We had plenty of time to prepare, and once June 2021 arrived, it was time to head north into the redwood forests of Humboldt County, California. Luckily, we had friends in the Bay Area, so we broke the big drive into two parts. We arrived at the northern terminus, Mattole Beach, in the early evening and set up our tent in the campground there. We met a couple of other groups that were also planning on starting south in the morning. Plus, we got our first view of the Lost Coast itself, a day early. This was almost like spending eight days on the trail!
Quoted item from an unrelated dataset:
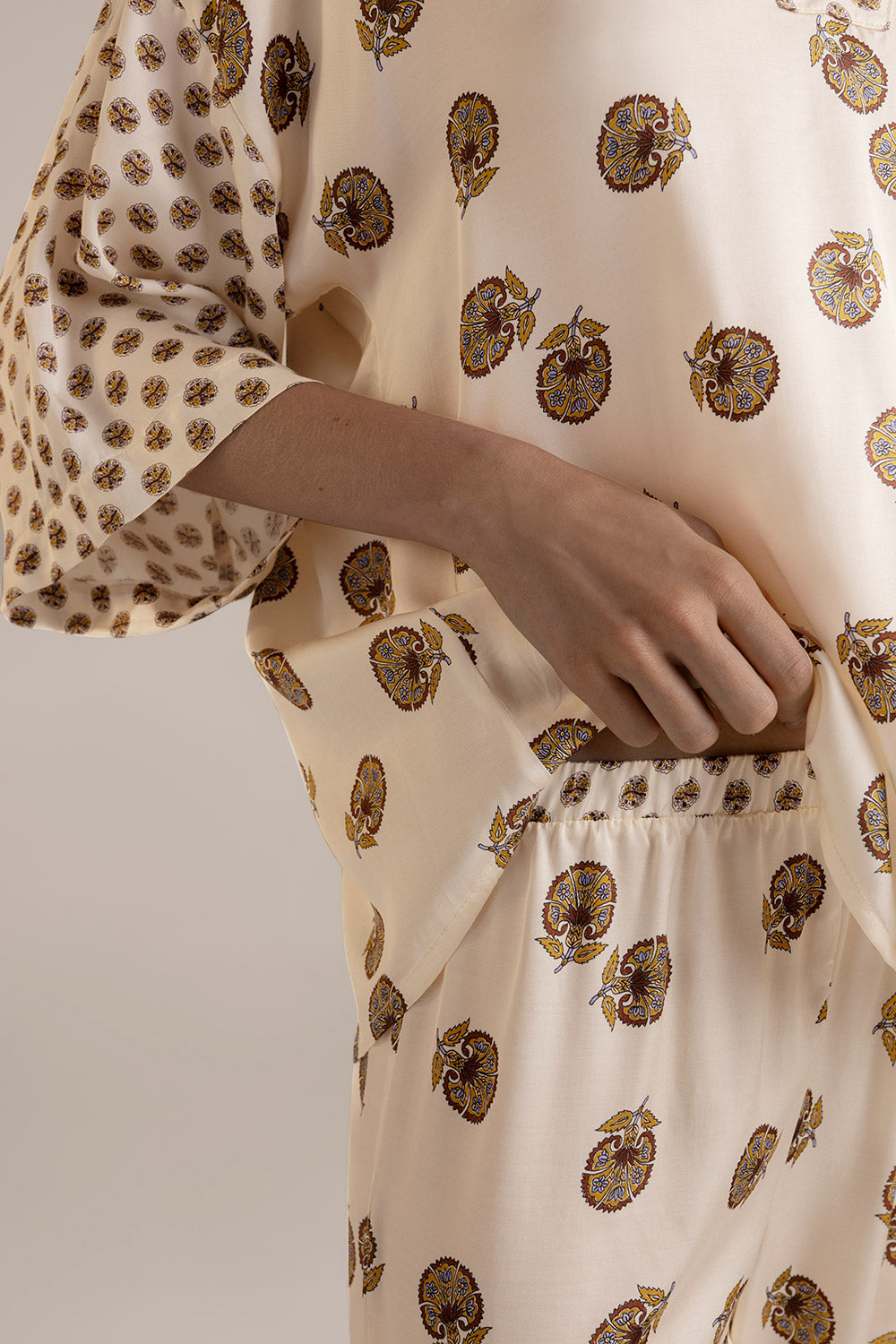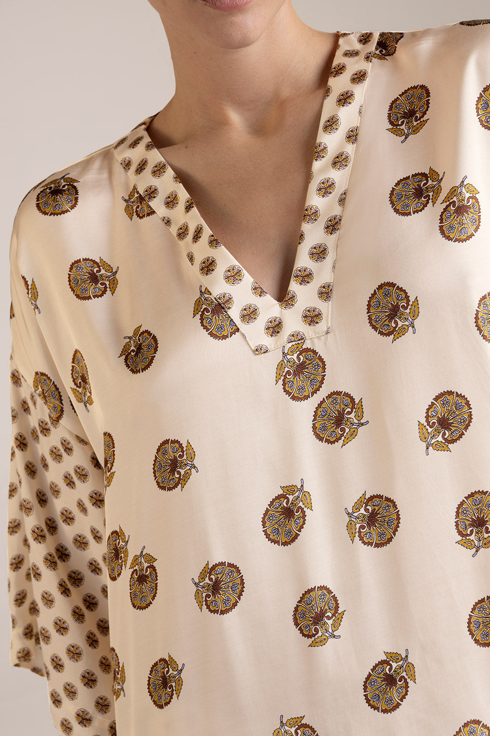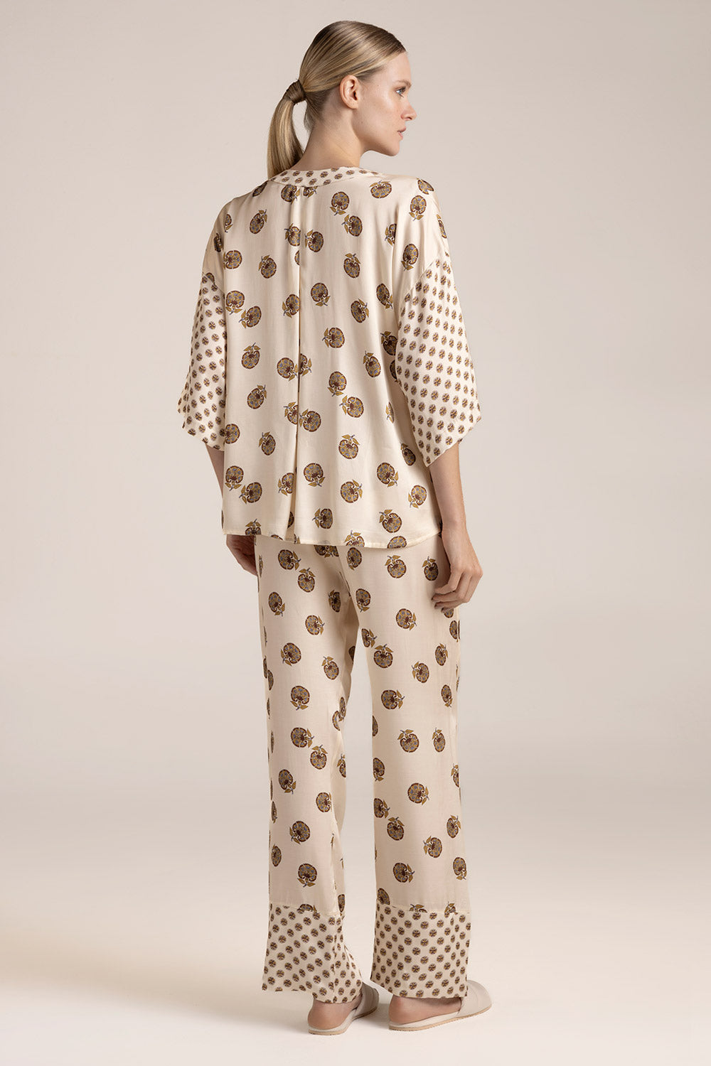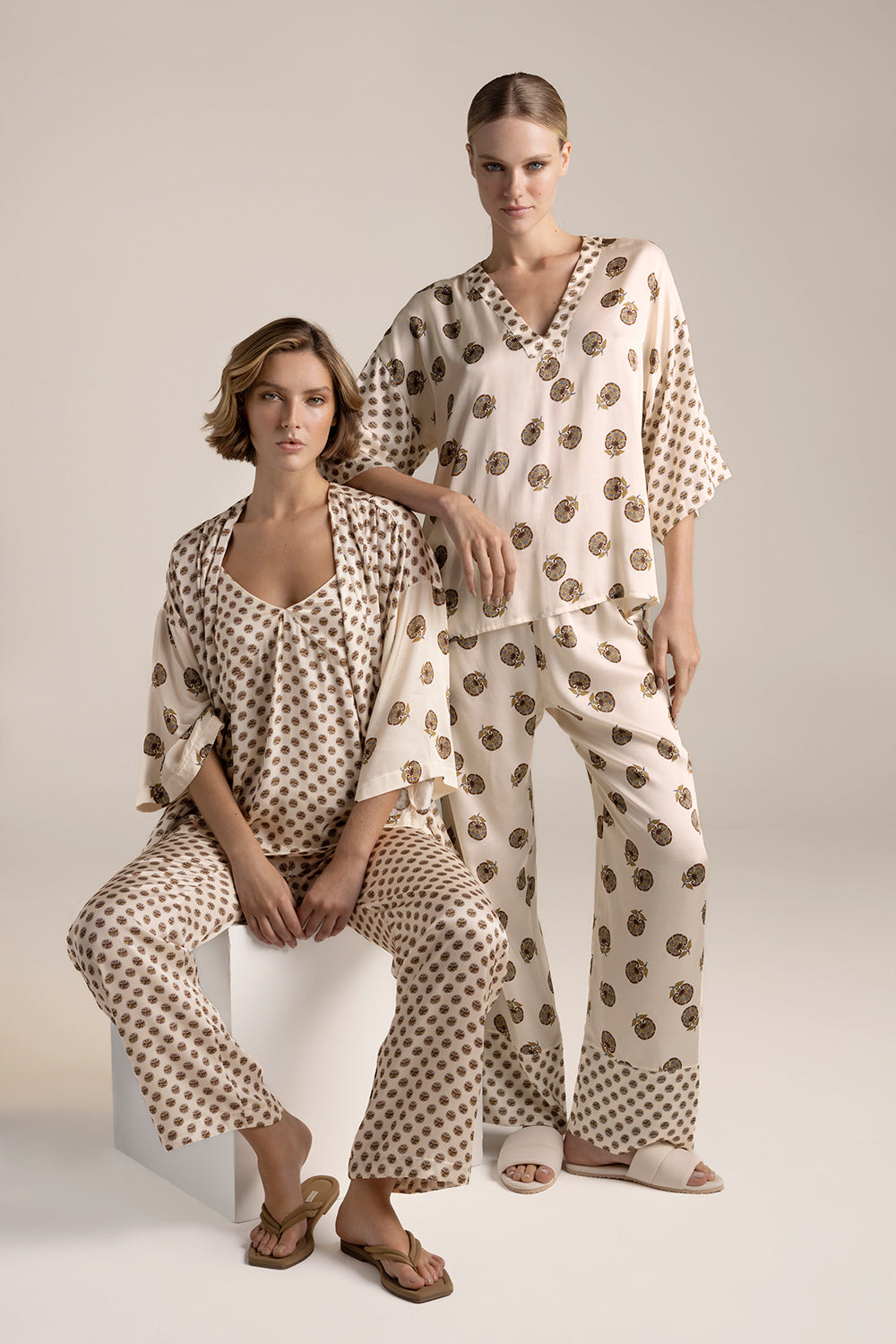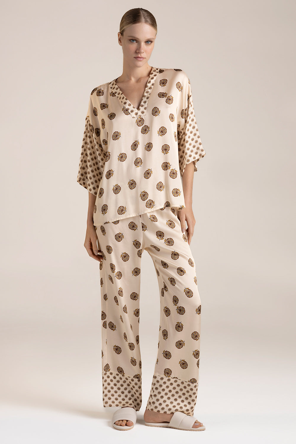 Pants pajama set in printed satin, v neck blouse with 3/4 sleeves, regular straight-leg trousers. Color print, Ref. 0556062

Video of the waves on Mattole Beach at sunset, from the northern end of the Lost Coast Trail
We put up our tent in the campground, and I set my alarm for 3:30am. Why? Because I had to drive the car for two hours to the southern terminus at Black Sands Beach. I was scheduled to take a shuttle bus back north at 6am! Our plan was to leave the car at the far end of the trail, which would give us more leeway as to how long the hike lasted. The hiking route on the beach is 25 miles, but the remote mountain roads through the King Range are 45 miles long, and the going is slow.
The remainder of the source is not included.